Games You Played Today VIII: Journey of the Cursed Poster

Tecmo Bowl (NES)

The original, PRG0 version of Tecmo Bowl for NES has the older, circular black Nintendo seal on cart label; it was replaced that same year by PRG1 aka “REV A” with the updated white oval Nintendo seal–Indianapolis star running back Eric Dickerson had himself replaced over a licensing dispute with the NFLPA.

a

So I’m trying to play as his Indy. : D Was getting crushed trying my silly run defense blitzing as outside lineman that worked well as LA in the SNES Super Tecmo Bowl (1993) PS3 remake “Tecmo Bowl Throwback.” Finally found lower LB 50 BICKETT (thought he was a CB since he’s placed on the lowest wing position!) with his “SACKS 12” stat (later Tecmo football games DON’T show the most important player stat–sacks for defenders, rush yards for running backs, receptions for receivers, etc–under the current player’s name; but it was quite handy here for IDing the top player!); Bickett can cover a large swath of the field, turned my defense around; at first I was blitzing with him, but at best that leaves at least one receiver wide open and at worse left us super-vulnerable to long runs, so I switched to dropping back in coverage where I could prevent huge yardage plays and and also get interceptions.

bick

Couldn’t always break things open with Dickerson (maybe starting to mash A continually helped in not getting grabbed in the first place, though?) so resorted to passing now and then, threw a pick-6,

d

eventually got a bit better at it; one pass has Dickerson as an outlet option!

b

Sweet. In this game, passes seem to go either totally wild–especially if you’re moving while throwing?–or right to the receiver; in later games, they can just get dropped, or miss by a bit or something, which seems pretty frustrating : P–whereas here they’re almost always caught by SOMEONE on one of the teams. ; )

c

No 2-point conversion! This game came out in '89, and the NFL didn’t adopt the 2-point conversion–from college football–until '94; Tecmo Super Bowl II: Special Edition and Tecmo Super Bowl III: Final Edition (SNES, Gen) have 2-point conversions; I don’t like the increased complexity of the later games though, and maybe it’s nice to be less corporate here without the NFL team license, so you’ve just got 12 city-named teams

f

with weird logos (Cleveland snakes!

h

Pink Seattle!). ; D And the tiny little tunes in this game are pretty much all AMAZING. Anyway I nearly had a miracle comeback from horrible defensive play–thought I had it, in fact, but my math was off by one, that’s how smart I am. ^ _^

e

My eyeballs appreciate that this game doesn’t have (sub-screen) flashing FX on kicking extra points, etc–NES Tecmo Super Bowl has those. Also the players here are much bigger on-screen, and much less flickery–even if there are only 9 of them on field per team, vs 11 in the later games.

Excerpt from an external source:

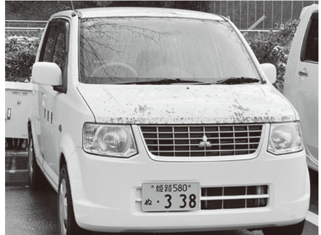
部分塗装しない方がおかしいでしょう？

病院の業務予定量が低下している中で、いかに地元で愛される病院を目指すかというところを考え
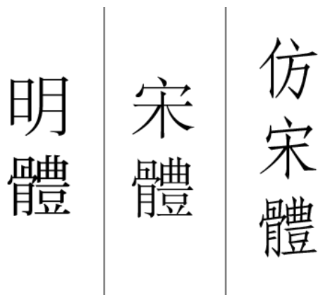
從左至右為72pt的小塚明朝Pr6N、Adobe宋體、Adobe仿宋體。

到了明朝，活字印刷盛行，字被刻於木塊、銅塊或鉛塊上，可自由移動排版、重複印刷，因此民間不再盛傳手抄書，而是以印刷書為主。此時為了刻印方便，逐漸演變出一種「豎筆粗橫筆細」的字體「明體」。滿清入關後為了避諱「明」一字，將明朝出現的字稱為「宋體」，因此明體與宋體指的其實都是明朝時期的字體，後人臨摹宋徽宗「瘦金體」而創的字體則成為今日的「仿宋體」。

Playing on the arcade stick felt a little loose and eventually started irritating my right shoulder–maybe from all that A button mashing. ; D It’s definitely one of those games where it feels made for keeping the thumb ready over B while hitting A with mid-thumb. But I hadn’t been able to get my DS4 working wirelessly in Mesen; later I installed DS4Windows, that got it working! I’ll go pad next time; that has the nostalgia vibes for me anyway from probably largely imagined memories of trying to play back in the day ^_ ^; I mean, my family had the game–probably the Dickerson-free revision with the white Nintendo seal, since we got an NES relatively late–but I don’t think I actually spent a TON of time playing it back then. The music definitely stuck in my head though so maybe I watched/listened to my brother playing it a lot.

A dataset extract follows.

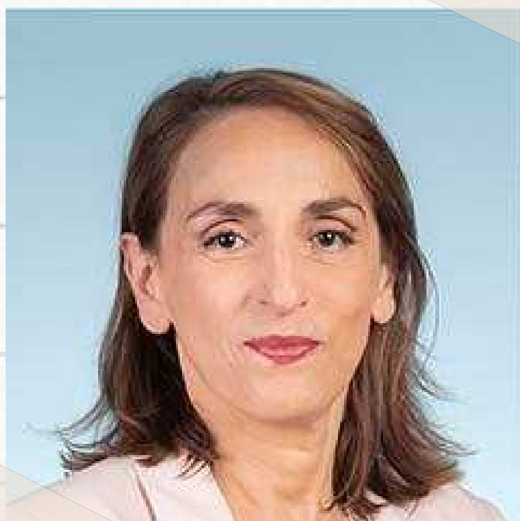
Fatiha KELOUA HACHI

Députée de Seine-Saint-Denis Rapporteure

Might be too easy now that I’ve found Bickett? But if memory serves, the attraction was in just how lopsided a score you could run up. ; ) Seems to be the case in the later games as well.

9 Likes

Forcing you to get cozy with the autoexec.cfg unless you were using a fancy launcher was kind of a nice touch

2 Likes

My main/only memory of Stalker is dying on the first fight outside the camp (some people ask you to help them take on some people in a house or something nearby) repeatedly, never figuring out what exactly I was doing wrong despite trying several different things, then uninstalling. I assume that is realistic in the sense that is what almost certainly what would happen if i were to be dropped into such a situation, but it would have been nice to be able to see literally any of the game.

1 Like

15 Likes

I played through GTA IV on Series X. I said it was running in 4K in another thread but it’s actually still at 720p like the original 360 version. So it was a bit rough looking on a 4K display but the Series X is able to brute force its unlocked frame rate up to a stable 60 fps so that was nice. I don’t think I was able to get it to 60 when I played it on PC over a decade ago.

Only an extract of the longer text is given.